#### THE PROBLEM
Within the listing below, please show every line carrying the string "Kirche".

=== DATA TO EXAMINE ===

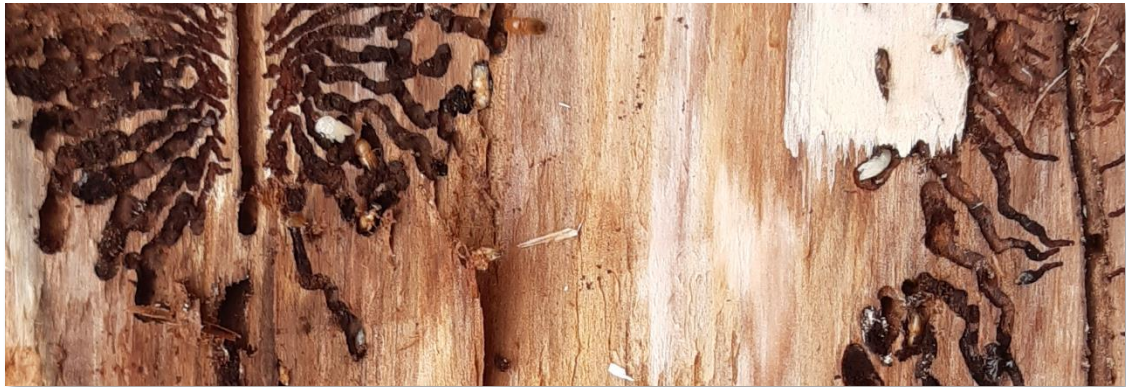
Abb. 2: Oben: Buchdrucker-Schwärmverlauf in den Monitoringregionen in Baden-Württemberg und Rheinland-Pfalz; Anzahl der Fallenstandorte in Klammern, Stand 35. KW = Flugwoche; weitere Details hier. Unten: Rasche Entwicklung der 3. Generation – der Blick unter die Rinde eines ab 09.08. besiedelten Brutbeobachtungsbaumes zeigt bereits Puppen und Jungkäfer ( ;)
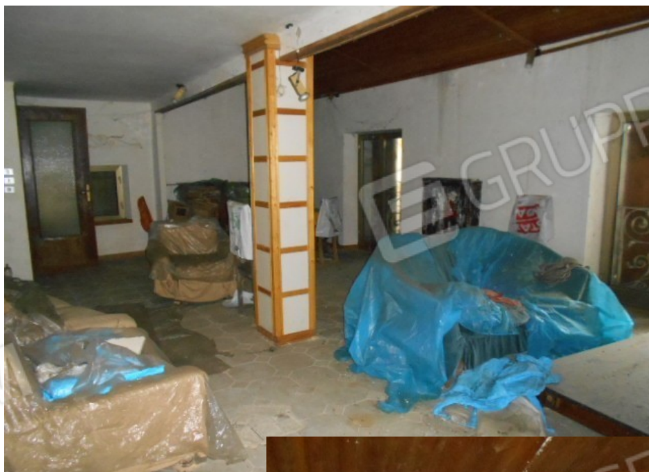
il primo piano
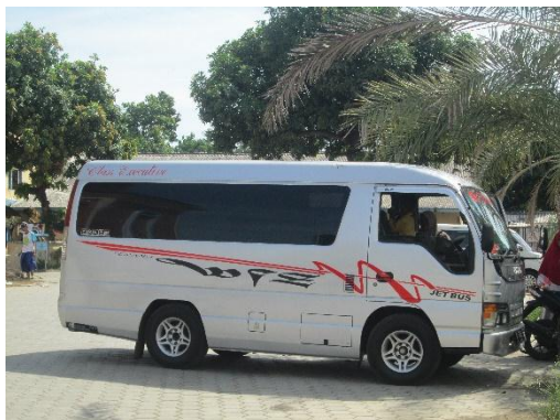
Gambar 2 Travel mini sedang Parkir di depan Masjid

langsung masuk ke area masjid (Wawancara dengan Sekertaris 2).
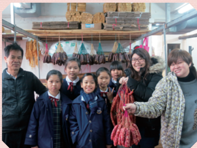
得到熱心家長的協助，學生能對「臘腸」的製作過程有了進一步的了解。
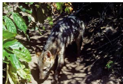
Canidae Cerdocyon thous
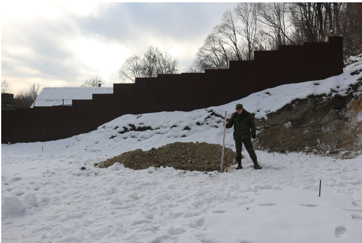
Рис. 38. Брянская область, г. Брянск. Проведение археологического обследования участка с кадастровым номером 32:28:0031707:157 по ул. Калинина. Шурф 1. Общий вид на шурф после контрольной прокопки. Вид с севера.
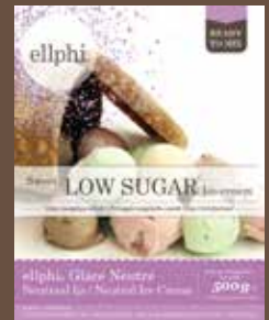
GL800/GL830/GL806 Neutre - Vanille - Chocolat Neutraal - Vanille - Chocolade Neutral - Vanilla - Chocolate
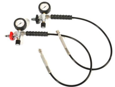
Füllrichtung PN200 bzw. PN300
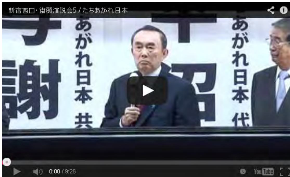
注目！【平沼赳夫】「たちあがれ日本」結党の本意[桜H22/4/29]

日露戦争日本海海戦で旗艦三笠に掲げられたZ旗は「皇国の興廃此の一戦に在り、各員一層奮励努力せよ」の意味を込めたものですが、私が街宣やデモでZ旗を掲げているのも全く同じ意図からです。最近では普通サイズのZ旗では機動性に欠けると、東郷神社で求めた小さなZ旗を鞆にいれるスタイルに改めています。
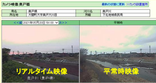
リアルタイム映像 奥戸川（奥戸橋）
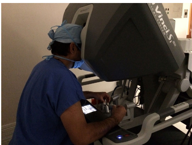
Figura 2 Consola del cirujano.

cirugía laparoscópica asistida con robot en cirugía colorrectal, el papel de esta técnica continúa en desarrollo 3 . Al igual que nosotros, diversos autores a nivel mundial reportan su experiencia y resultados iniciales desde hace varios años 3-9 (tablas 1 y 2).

===
=== DATA TO EXAMINE ===

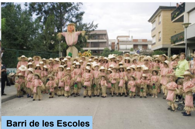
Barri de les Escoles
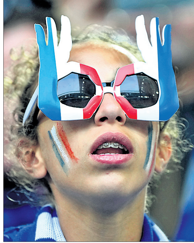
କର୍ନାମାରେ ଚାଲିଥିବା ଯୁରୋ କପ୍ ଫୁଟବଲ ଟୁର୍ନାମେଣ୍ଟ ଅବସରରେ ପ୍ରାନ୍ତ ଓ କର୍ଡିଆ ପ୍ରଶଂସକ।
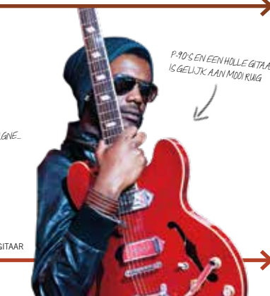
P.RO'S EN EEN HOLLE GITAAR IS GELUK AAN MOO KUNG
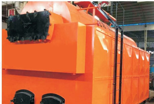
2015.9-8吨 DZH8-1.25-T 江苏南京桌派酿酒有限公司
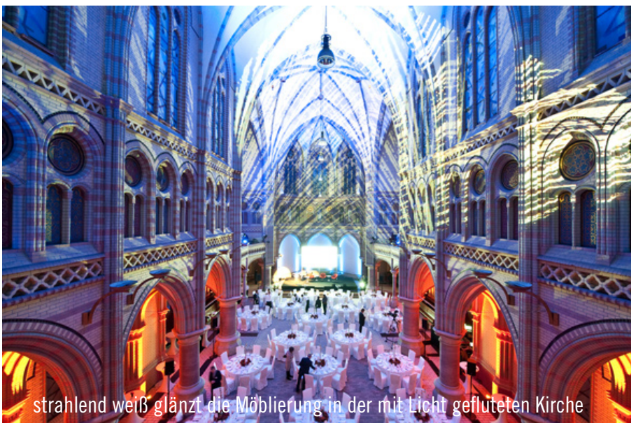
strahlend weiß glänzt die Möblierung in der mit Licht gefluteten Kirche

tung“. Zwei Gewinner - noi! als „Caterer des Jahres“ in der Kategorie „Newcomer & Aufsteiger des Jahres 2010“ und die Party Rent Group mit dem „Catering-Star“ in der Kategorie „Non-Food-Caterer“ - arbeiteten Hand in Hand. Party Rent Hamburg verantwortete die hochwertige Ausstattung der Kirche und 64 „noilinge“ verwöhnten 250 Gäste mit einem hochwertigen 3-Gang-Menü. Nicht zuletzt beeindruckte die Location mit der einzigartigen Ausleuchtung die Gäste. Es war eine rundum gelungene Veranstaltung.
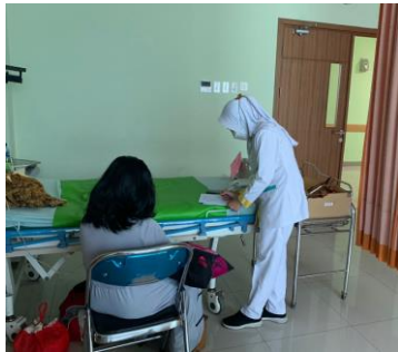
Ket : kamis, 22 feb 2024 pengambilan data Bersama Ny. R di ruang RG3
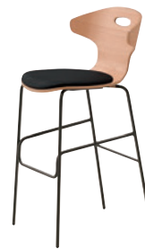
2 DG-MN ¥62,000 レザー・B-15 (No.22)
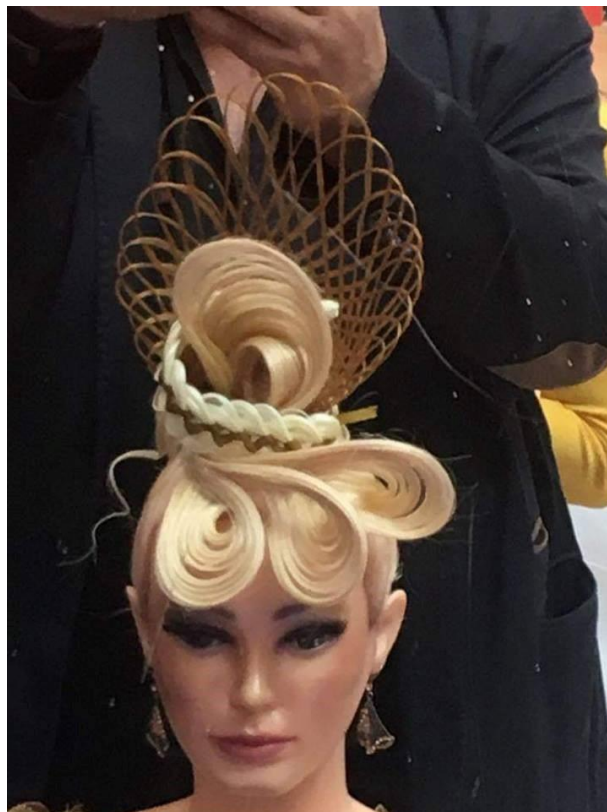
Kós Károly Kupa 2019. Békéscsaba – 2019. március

===

#### SOLUTION FOR THIS TASK
strahlend weiß glänzt die Möblierung in der mit Licht gefluteten Kirche
tung“. Zwei Gewinner - noi! als „Caterer des Jahres“ in der Kategorie „Newcomer & Aufsteiger des Jahres 2010“ und die Party Rent Group mit dem „Catering-Star“ in der Kategorie „Non-Food-Caterer“ - arbeiteten Hand in Hand. Party Rent Hamburg verantwortete die hochwertige Ausstattung der Kirche und 64 „noilinge“ verwöhnten 250 Gäste mit einem hochwertigen 3-Gang-Menü. Nicht zuletzt beeindruckte die Location mit der einzigartigen Ausleuchtung die Gäste. Es war eine rundum gelungene Veranstaltung.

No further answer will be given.